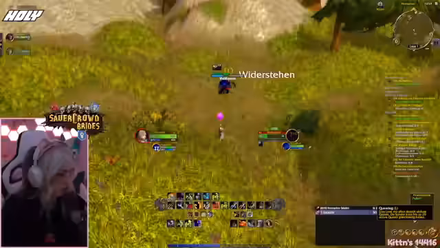 10:23:20Die Zusammenarbeit in der Gruppe ist ein zentrales Thema. Es kommt zu kleinen Missverständnissen bei der Questabgabe und Annahme, wobei die NPCs teilweise für Verwirrung sorgen. Die Streamerin erwähnt, wie die Synchronisation im Team funktioniert und wie das Addon Guildmap hilft, das HP (Lebenspunkte) von Gildenmitgliedern im Blick zu behalten, was die Gruppenkommunikation verbessert.
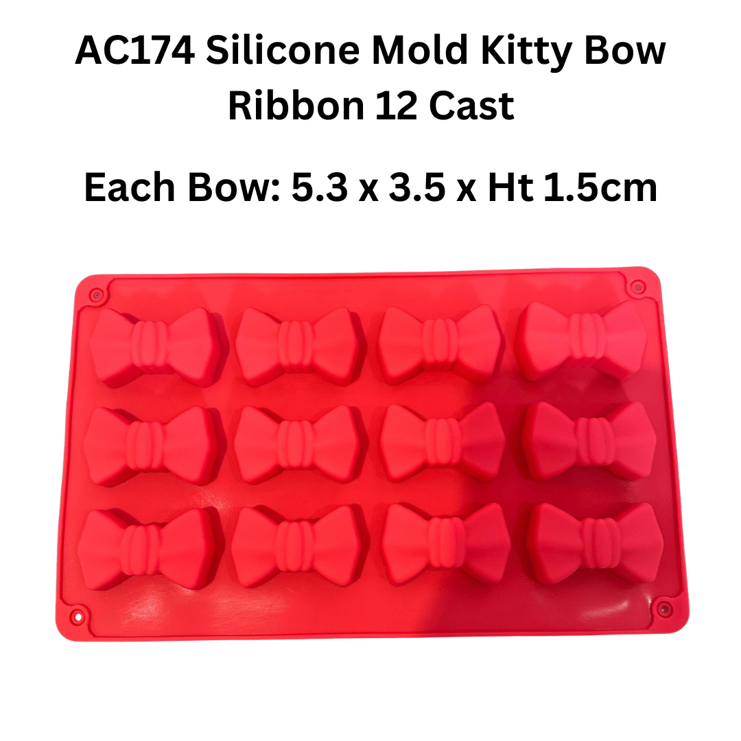AC174 Silicone Mold Kitty Bow Ribbon 12 Cast is backordered and will ship as soon as it is back in stock.
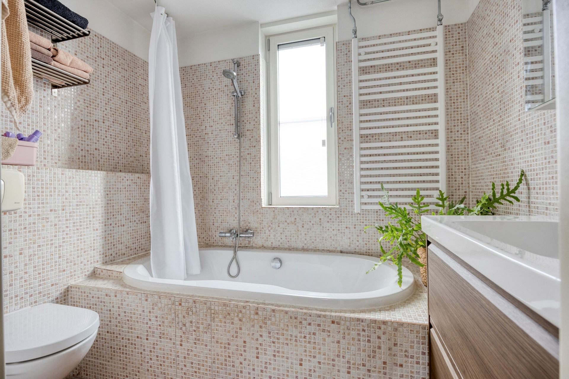 Overloop, 3 ruime slaapkamers, waarbij de 2 op de achterzijde gelegen slaapkamers beschikken over een in 2021 gerenoveerde dakkapel met in 2025 vernieuwd bitumen dak. De badkamer is voorzien van een bad, douche, 2e toilet, nieuw badkamer-meubel en design-radiator.
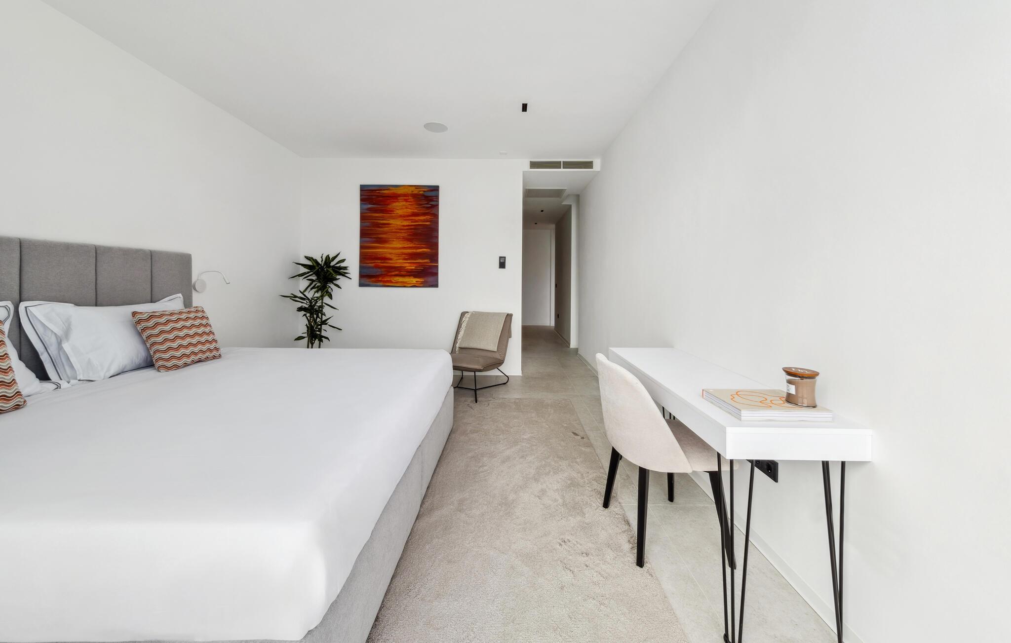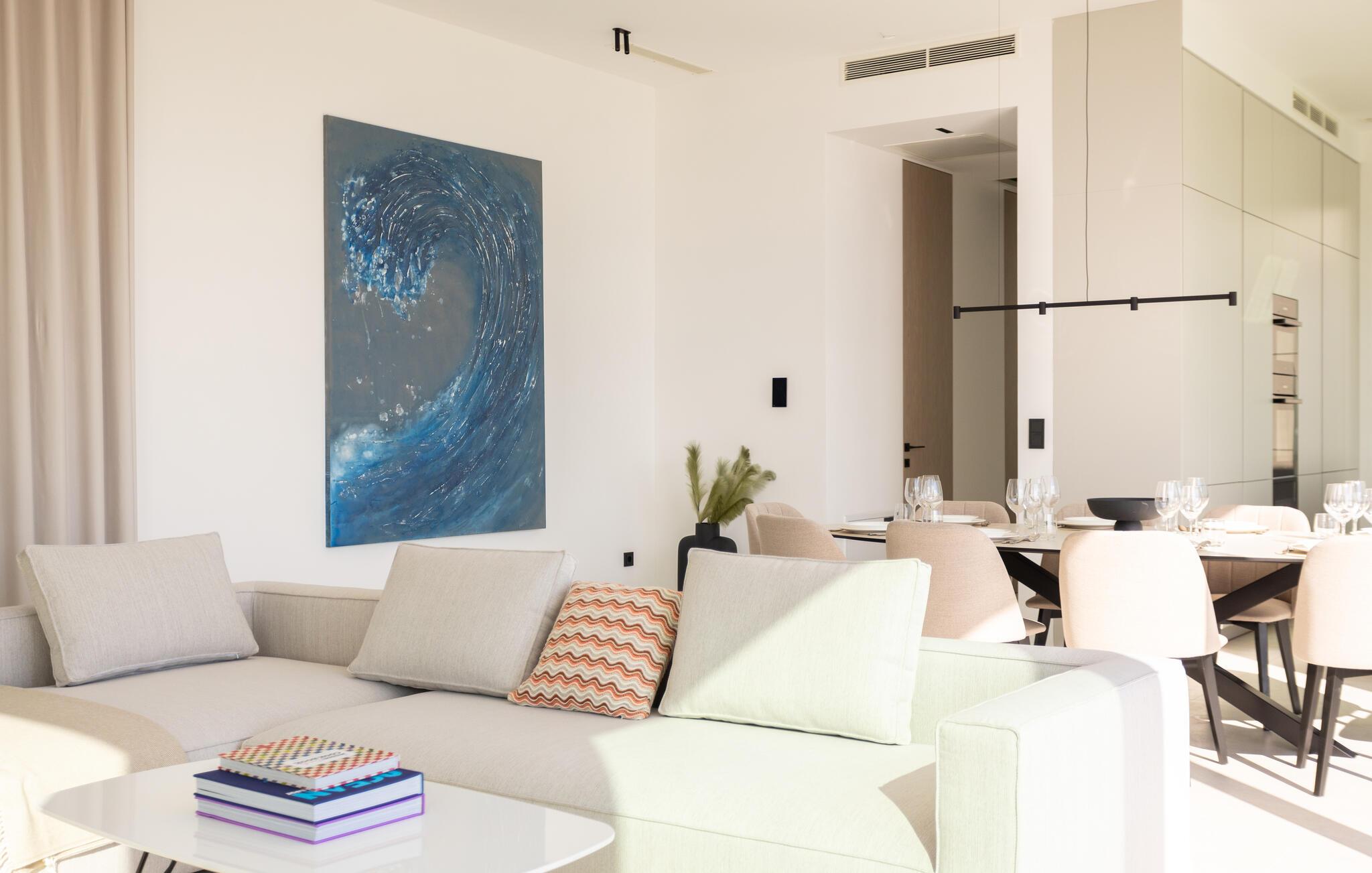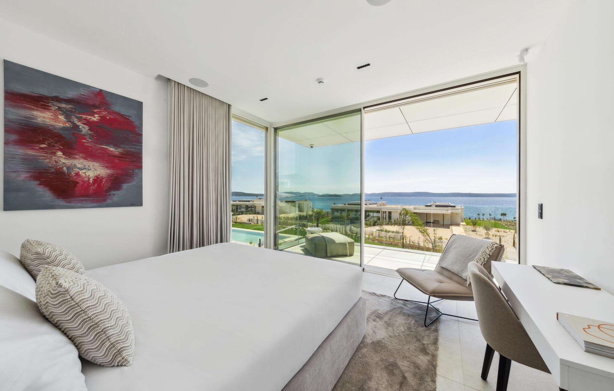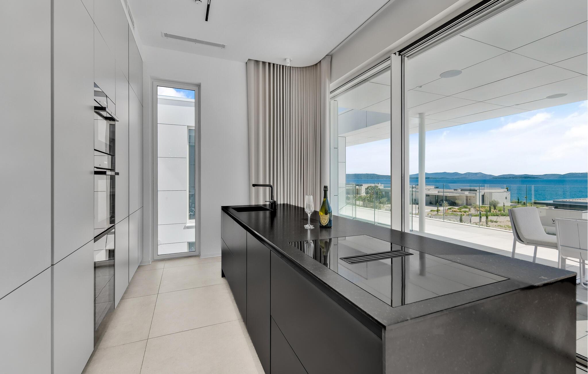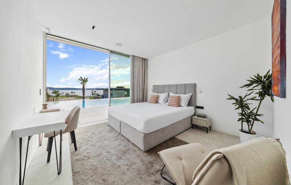Dette hus er ikke kun noget særligt på grund af sin fantastiske beliggenhed direkte ved havet, men også med sit moderne interiørdesign. Diskrete farver og stilfulde møbler vil hurtigt sætte jer i ferietilstand. Nyd den vidunderlige havudsigt med en kølig drink, stream en god serie eller tilbered friske måltider i det veludstyrede køkken.
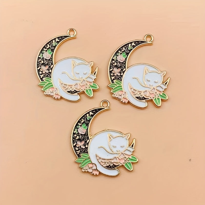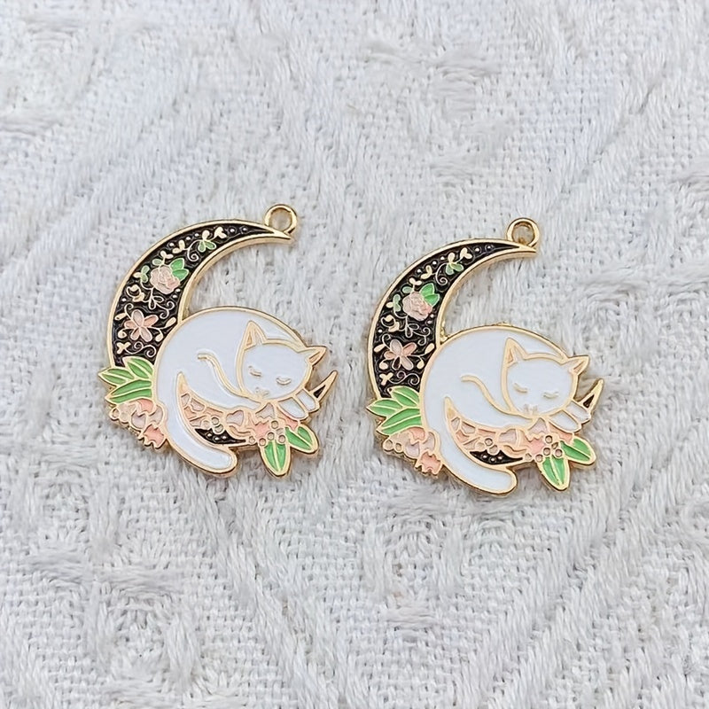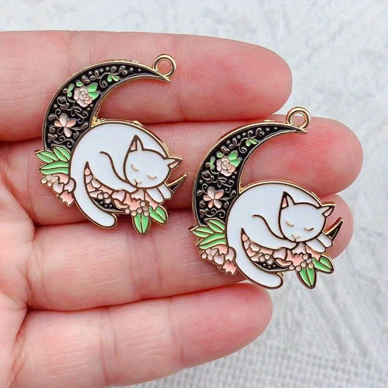 10pcs Cartoon Cat Moon Pendants DIY Jewelry Making Accessories
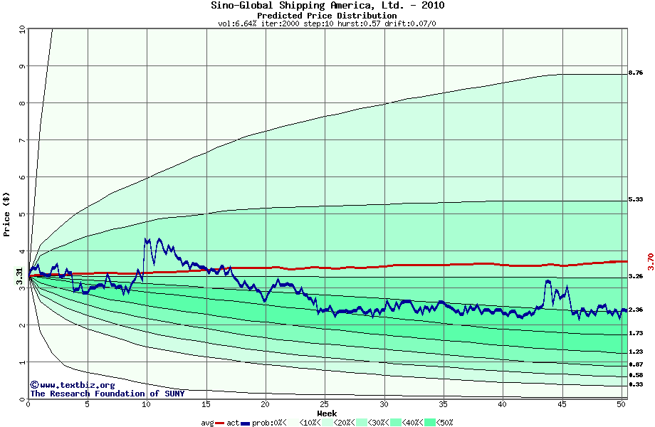 The high to date and low to date prices of the stock plotted against a random walk model for 2010 (what's this?).
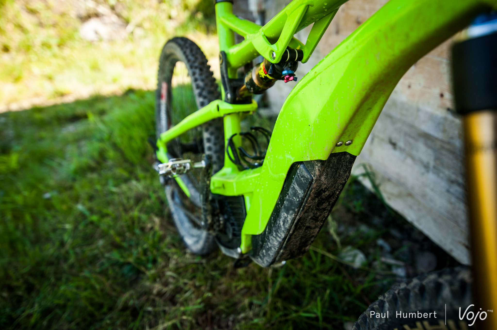 En descente, on retrouve le vélo très joueur et facile qu’on nous a promis. Les bases sont très courtes on le sent bien. La modification du centre de gravité n’était pas une promesse en l’air non plus et on ressent vraiment l’abaissement de ce dernier. Le vélo est bien plus facilement manoeuvrable et, un petit peu comme avec le Lapierre Overvolt (dont la prise en main est à retrouver ici : dev.vojomag.com/lapierre-overvolt-lelectrique-mode-turbo), on a réellement l’impression d’être au guidon d’un vélo classique.

[WHAT YOU NEED TO DO]: Once the pictures are removed, copy the material above exactly.

[WRITTEN ANSWER]:
 10:23:20Die Zusammenarbeit in der Gruppe ist ein zentrales Thema. Es kommt zu kleinen Missverständnissen bei der Questabgabe und Annahme, wobei die NPCs teilweise für Verwirrung sorgen. Die Streamerin erwähnt, wie die Synchronisation im Team funktioniert und wie das Addon Guildmap hilft, das HP (Lebenspunkte) von Gildenmitgliedern im Blick zu behalten, was die Gruppenkommunikation verbessert.
AC174 Silicone Mold Kitty Bow Ribbon 12 Cast is backordered and will ship as soon as it is back in stock.
 Overloop, 3 ruime slaapkamers, waarbij de 2 op de achterzijde gelegen slaapkamers beschikken over een in 2021 gerenoveerde dakkapel met in 2025 vernieuwd bitumen dak. De badkamer is voorzien van een bad, douche, 2e toilet, nieuw badkamer-meubel en design-radiator.
Dette hus er ikke kun noget særligt på grund af sin fantastiske beliggenhed direkte ved havet, men også med sit moderne interiørdesign. Diskrete farver og stilfulde møbler vil hurtigt sætte jer i ferietilstand. Nyd den vidunderlige havudsigt med en kølig drink, stream en god serie eller tilbered friske måltider i det veludstyrede køkken.
 10pcs Cartoon Cat Moon Pendants DIY Jewelry Making Accessories
 The high to date and low to date prices of the stock plotted against a random walk model for 2010 (what's this?).
 En descente, on retrouve le vélo très joueur et facile qu’on nous a promis. Les bases sont très courtes on le sent bien. La modification du centre de gravité n’était pas une promesse en l’air non plus et on ressent vraiment l’abaissement de ce dernier. Le vélo est bien plus facilement manoeuvrable et, un petit peu comme avec le Lapierre Overvolt (dont la prise en main est à retrouver ici : dev.vojomag.com/lapierre-overvolt-lelectrique-mode-turbo), on a réellement l’impression d’être au guidon d’un vélo classique.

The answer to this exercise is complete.